Applied eyes silicon savings with wafer reclaim site

June 27, 2007 – Targeting a cost-conservation angle for what it says is “the single largest consumable cost contributor for a fab,” Applied Materials Inc. has opened a new 300mm wafer reclaim center in the Tainan Science-Based Industrial Park in Taiwan.

Use of test wafers has increased to ~15% of total silicon wafer usage, the company said (citing SEMI data), so extending the lifecycle of these wafers can add up to big savings, particularly given limited availability of silicon. Applied says it can reuse the test wafers up to 11 times (a 45% lifecycle extension), with a patented process to recover wafers with low-k films with “virtually no silicon” loss.

“This new capability expands Applied Materials’ opportunity to use our considerable process technology expertise to provide customers with new ways to drive down costs,” said Mark Stark, VP and GM of Applied’s fab operation services division, in a statement.

Digitimes reports that AMAT hopes to achieve $13 million in sales from the center this year starting with 45,000 wafers/month capacity, and push to $40 million in 2008, ultimately expanding to 120,000 wafers/month depending on demand. Initial focus will be on wafers with 120- and 90nm processes, with increased focus on 65nm next year.

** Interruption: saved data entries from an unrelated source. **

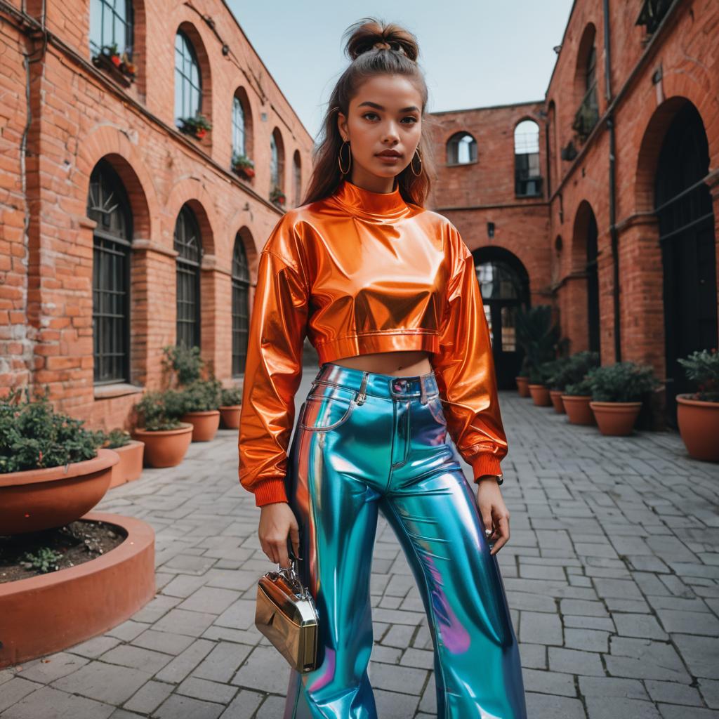 Portrait of a woman with a ponytail standing in a castle-like courtyard wearing a bright coquelicot orange crop top and shiny metallic blue low-rise flared polyester jeans. She accessorizes with chunky holographic sneakers and a black backpack, combining Y2K style with futuristic metallic fabrics. The image features bold colors and graphic film photography style.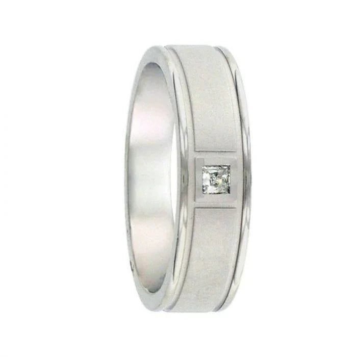This is a fascinating wedding band made with fine 14k white gold. This flat band features a satin brushed finish with dual grooved accents along the edges. The highlight of this stunning ring is the center princess cut white dazzling diamond. The 6.5 mm width ring also features rolled edges for a nice comfort fit. This piece is a great choice for men and women to symbolize their marriage commitment with class. The diamond color is G-H grade with a clarity of SI1-SI2. This style is also available in a variety of other metals. All Artcarved Rings come with a lifetime warranty that covers resizing and/or replacement in case of accidental damage for a shipping, handling and processing fee.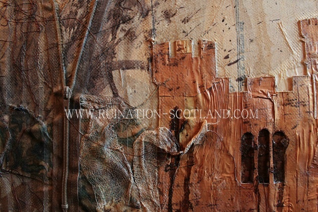 Birch bark, fabric collage, ink, tea and paint.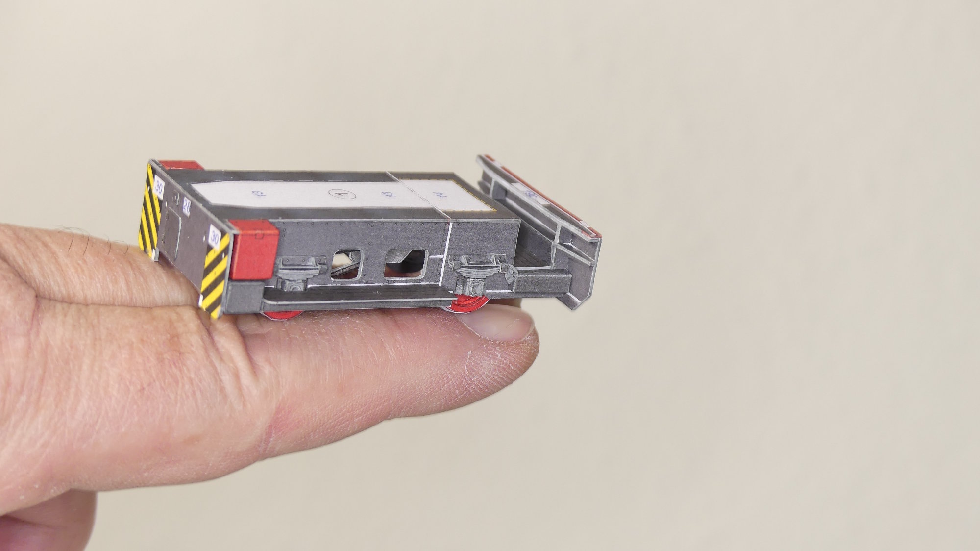 Ich bin mit dem 275-Teile-Modell fertig bzw. das Modell mit mir und auch etwas Inneneinrichtung ist im Bogen geblieben. Ich kann gar nicht beschreiben wie klasse ich das Modell finde und hoffe, ich habe einen Weg zu einem „gut machbarem“ Modell gefunden, statt zu einem wegen der vielen Kleinstteile kaum noch bastelbaren Modell. Weil ich genau diese Klein- und Kleinstteile nicht mehr wollte, habe ich diejenigen Bauteile, bei denen sich das Papier beim Aussticheln mit dem Skalpell spaltete, „vorsichtshalber“ weggelassen. Eine Handvoll Bauteile sind aber trotzdem sehr dünn oder klein und durften einfach nicht fehlen.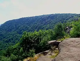 North Point is an area with many open ledges located at 2,900 feet (880 m), along the trail about a half-mile (800 m) below the summit. From North Point, the views of the lakes, other mountains such as Kaaterskill High Peak and the Hudson River and its valley are expansive. They were sometimes the subject of paintings by members of the Hudson River School.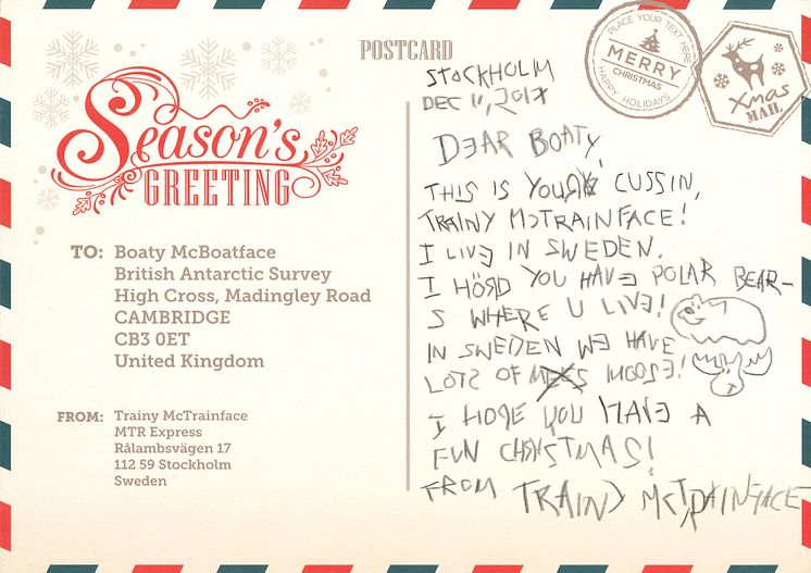 Snow falls in Stockholm and Gothenburg, Christmas lights bright up the cities. Everyone at MTR Express headquarters is feeling the holiday spirit, especially Trainy McTrainface, who this week, sat down and handwrote thoughtful Christmas greetings to its cousins Boaty McBoatface in England and Ferry McFerryface all the way south in Australia.

Digitimes claims Applied has wafer reclaim orders in hand from two Taiwan firms, TSMC and Powerchip, and the wafers also are being evaluated by China’s SMIC.
While this is good news to Applied and its semiconductor customers, the reclaim facility may ruffle some feathers among other firms who also are scrambling to find and utilize pricey and hard-to-find silicon. Solar-cell makers around the globe have been expanding production capacity and are eager to gobble up used silicon from semiconductor firms.

In Taiwan, revenues from solar-cell and module manufacturing is expected to surge fivefold this year to $1.5 billion, led by firms including Motech Industries Inc., E-Tone Solar Tech Inc., Green Energy Technology Inc., Wafer Works Corp., Big Sun Energy Technology Inc., and Lawson Transworld Inc., noted the Taiwan Economic News. These firms have set up tight supply chains for everything except the silicon wafers, for which they’re paying increasingly high prices — and Applied’s new facility could cut into supplies and hike prices even further, the paper notes.